Clinical examination of patients with congenital pathology of sexual development is a necessary condition for treatment. At the age of admission, the frequency of a doctor's visit can not be more than once a year. Particular importance of dispensary observation is acquired in prepubertate and pubertal, when the question of hormonal correction of physical and sexual development arises. Since the age of 7-8, an annual radiography of the wrists with radiocarpal joints is needed to assess the dynamics of maturation of the skeleton. With a significant lag in the bone age from the actual hormone therapy should start earlier. Of particular importance is the dynamics of bone age in patients with growth retardation receiving anabolic or sex drugs: rapid maturation of the skeleton requires a reduction in dosage or discontinuation of treatment. Against the background of taking sex hormones at pubertal age, patients should be examined at least 3-4 times a year, in post-pubertal and adulthood 2-3 times a year.
An important role in dispensary observation is played by psychological and sexological observation. Such patients hardly tolerate the change of the doctor, communication with other specialists. Trustful contact with a permanent doctor is especially important for them. It is necessary to emphasize the need to observe a strict medical secret of the diagnosis: involuntary disclosure of it can lead to severe excesses on the part of patients, up to suicidal actions.
Clinical follow-up should be carried out by an endocrinologist with the participation of a gynecologist, urologist and psychoneurologist.
The prognosis for life is favorable, with regard to social adaptation, it is determined by the correctness of the choice of sex (with intersexual states), the adequacy of substitutive and / or stimulating hormonal therapy, which ensures the development of the phenotype corresponding to the selected sex, the possibility of adaptation in society, normal sexual life and the creation of a family. The prognosis for stimulating fertility in the vast majority of patients is unfavorable. Patients who retain fertility are rare exceptions.

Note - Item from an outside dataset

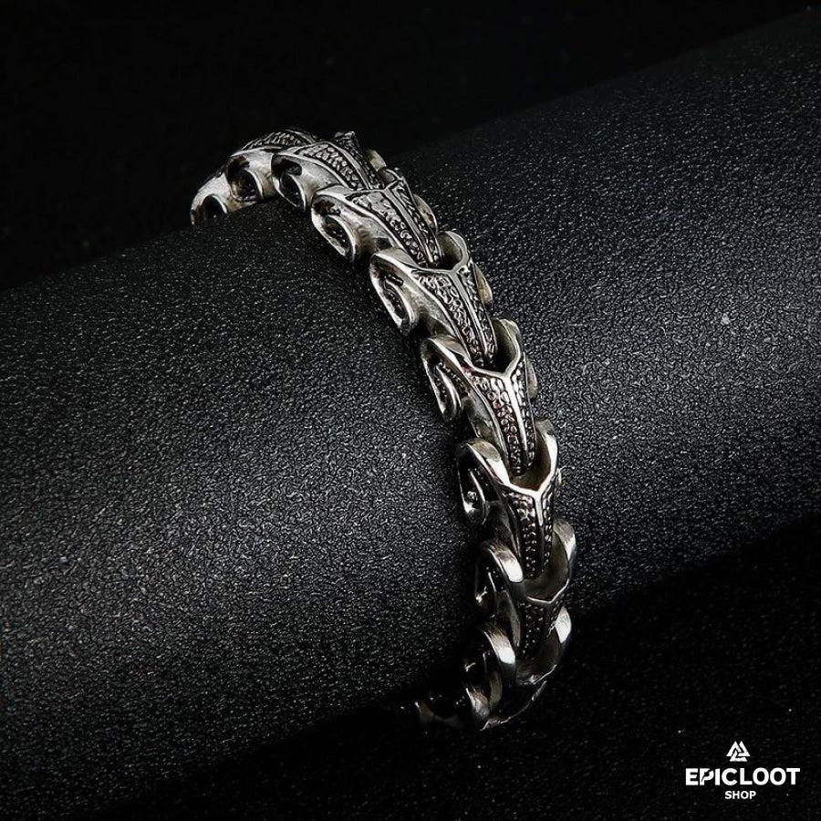 Awaken the dragon within with this powerful Dragon Viking Bracelet. The centerpiece of this bracelet is a pair of intricately detailed dragon heads, their eyes fierce and their jaws open in a roar of defiance. In Norse mythology, dragons were seen as creatures of great wisdom and strength, guardians of ancient treasures and hidden knowledge. The bracelet itself, crafted from durable stainless steel, is a testament to the enduring power and resilience of the Norse spirit. The twisted, serpentine band that links the dragon heads together creates a sense of movement and energy, a reminder of the untamed forces that reside within us all. Wear this bracelet as a declaration of your own inner fire, a talisman of the courage and passion that guides you on your path.

The incapacity of patients with congenital pathology of sexual development is undoubtedly limited in connection with the absolute or relative insufficiency of the anabolic action of sex hormones. With systematic adequate treatment, it improves. Its more significant limitations are sometimes observed in chromosomal diseases, Shereshevsky-Turner and Klinefelter syndromes, the "turnaround" form of the testicular dysgenesis syndrome. Some of these patients have defects not only somatic, but also mental development, which requires the selection of a specialty corresponding to their capabilities. However, the discipline, diligence and conscientiousness characteristic of the majority of such patients provide, as a rule, their labor adaptation. Only individual patients in connection with the peculiarities of the mental state need to be transferred to a disability.